Proteins were transferred onto PVDF membranes using the Bio-Rad Trans-Blot Turbo Transfer System for 7 min. The membranes were blocked and subsequently incubated overnight at 4 °C with the following primary antibodies: APP/β-Amyloid (NAB228, 1:500, mouse monoclonal, cat#2450, Cell Signalling Technology), Clusterin (D4B6P, 1:500, rabbit monoclonal, cat#42,143, Cell Signalling Technology), EGF Receptor (D1D4J XP®, 1:500, rabbit monoclonal, cat#54,359, Cell Signalling Technology), and Ubiquitin (P4D1, 1:500, mouse monoclonal, cat#3936, Cell Signalling Technology). Membranes were washed and incubated with Invitrogen™ IRDye 680 goat anti-rabbit and IRDye 800 donkey anti-mouse secondary antibodies.

Total protein was assessed using the LI-COR Revert™ 700 Total Protein Stain, and imaging was performed on a Bio-Rad ChemiDoc MP Imaging System. Total protein was visualized at IRDye 680, while the primary antibodies were detected at IRDye 680 (for rabbit) and IRDye 800 (for mouse).
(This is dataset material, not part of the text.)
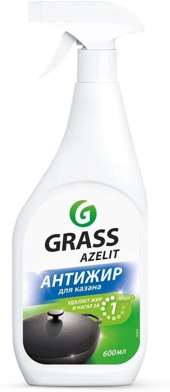 Бытовая химия Grass (ГраСС) Чистящее средство для кухни Azelit казан 600 мл. Средство Азелит АНТИЖИР КАЗАН для удаления жира, нагара и копоти с казанов, со сковородок, кухонных плит, коптильных камер, фритюрниц, грилей, духовых шкафов, микроволновых печей и др. Содержит активные чистящие вещества, которые помогают максимально эффективно справиться с застарелыми загрязнениями.Нанести на очищаемую поверхность, оставить не более чем на 30 секунд, в зависимости от загрязнения можно увеличить время экспозиции до 2 минут.
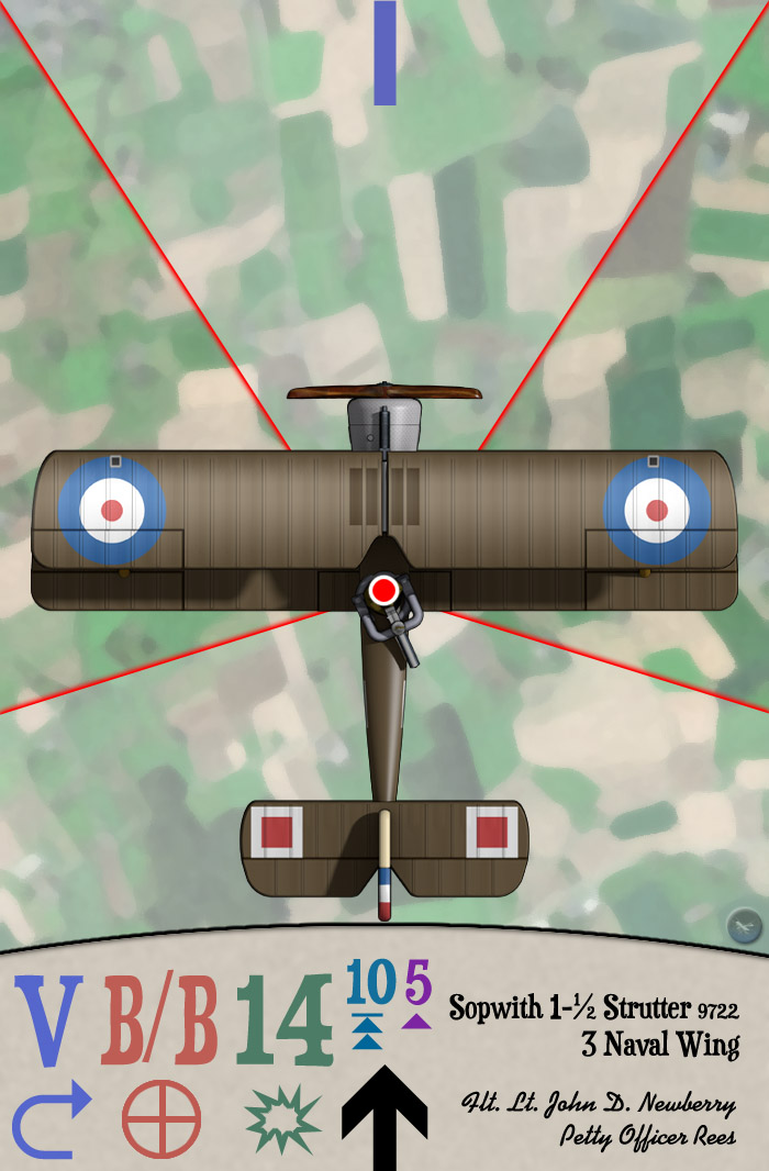 Sopwith 1½ Strutter 9722 of 3 Naval Wing, RNAS, as flown by Flight Lt. John D. Newberry and Petty Officer Rees

Images were analyzed using ImageJ software (version 1.53c). The area under the total protein lanes and specific bands of interest were calculated. The intensity of the bands of interest was normalized to the total protein stain for each lane. Ratios of protein intensities were calculated by comparing the normalized intensities to that of the control group. For presentation, the images were adjusted for brightness and contrast and cropped for Supplementary Fig. 5. Bar graphs were created using GraphPad Prism (version 10.1.12) and depict normalized intensities and ratio intensities for all antibodies of interest, representing one replicate per group, with each group being a pooled sample.